What if I can't get what I want?

"What if I can't get what I want? What's the point of thinking about what I really want if it isn't possible?"

The woman asked the question with hesitation and sadness in her eyes. We had shared a great morning with a group of about eight women, exploring the "coulds" and "shoulds" of our lives, and after lunch, I challenged them to consider, honestly, their wants. I lead retreats on "The Life You Could Have," in which we explore the many motivating factors impacting our decision-making. I assigned this group my usual questions to explore their desires, and this particular woman sought me out in the kitchen, where I cleaned the dishes from our Italian-inspired summer lunch.

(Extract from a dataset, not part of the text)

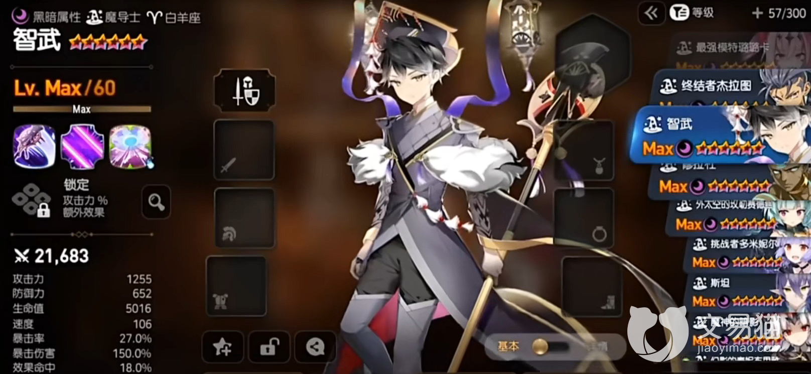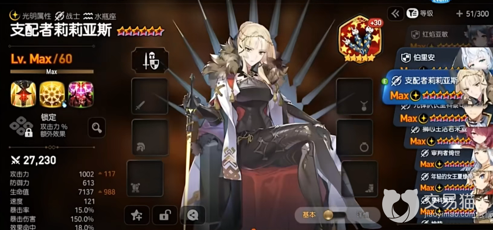 再搭配上首次战斗开始时提升的10%速攻的被动强化技能大权在握,以及大招俯首称臣。收敌人两个强化状态后进行攻击,一回合内造成沉默,并减少对面30%的速攻。并且使自己在三回合内获得神威效果,贯穿对面100%的防御力,不过不会发生暴击。是英雄的话,还要根据对面的生命力增加伤害量。可以说是集解除强化,暴击提升,速攻增加,防御贯穿为一体的顶级角色。

Participants often assume that by the time they work their way through the long process of considering the potential and limitations on their lives, then the many rules and voices that direct how they feel they are "supposed" to behave, they will find it easy to consider what they want from their lives. Their full bellies from lunch soften their minds, tricking them into thinking, "What do you want from life?" will be an easy question to answer. But once I set them out for a time of reflection, inevitably, two or three quietly find me to ask several common questions as well as further guidance.

Everyone should know what they want, right? Theoretically, yes. But as we grow up, experience the varied stages of life, and begin to feel societal rules imposed upon us, we begin to ask ourselves less and less what we want because we start to believe in the futility of the question.

I find women especially struggle with this step in my workshops. As mothers, wives, and daughters, women feel pressured to sacrifice their desires in favor of meeting not only the necessities but also the preferences and whims of friends and family members. One time, when I led this workshop, I realized I could not remember the last time I picked where my family went out for dinner. Often, I choose what to cook at home, but it is based on the preferred menus of my kids. When balancing the tastes and fancies of a group of people, leaders often set aside theirs to negotiate a compromise with the rest of the group. Mothering requires the same strategy.

"What if I can't get what I want?" The woman's eyes pleaded with me for an answer. I tell my groups to consider limitless opportunities when thinking about what they want. I challenge them to blow the tops off their imaginations and let their minds run free with my assigned questions. I would love to ride a giraffe as I once did in my still-favorite dream from my childhood. I put that on my list. I'd also like to publish more books and make a living writing and leading workshops and retreats. That goes on the list, along with playing the guitar and having a villa in Tuscany. I would love to ride in a spaceship if I didn't hate tight spaces or air travel, so I include it.

But why add such things if you can't have them? I understand the heartache behind her question. She didn't mean wanting to own a purple elephant or bungee jump off the Grand Canyon's side. Several years ago, in a workshop I led for a church, we sat in silence at this same juncture in my agenda. An older woman suddenly interrupted the quiet with a rather loud "Oh!" We all stopped and looked at her, not with surprise or judgment, but holding an open space for her to elaborate, should she wish. She looked around the room at us and then said, "What I want is to grow old with my husband and have many more years together. But I can't because he refuses to eat healthy or exercise." She shared about her husband's chronic health problems and his continued behaviors that exacerbated those illnesses. In a flash, she realized what she truly desired; in the next, she knew she couldn't have it.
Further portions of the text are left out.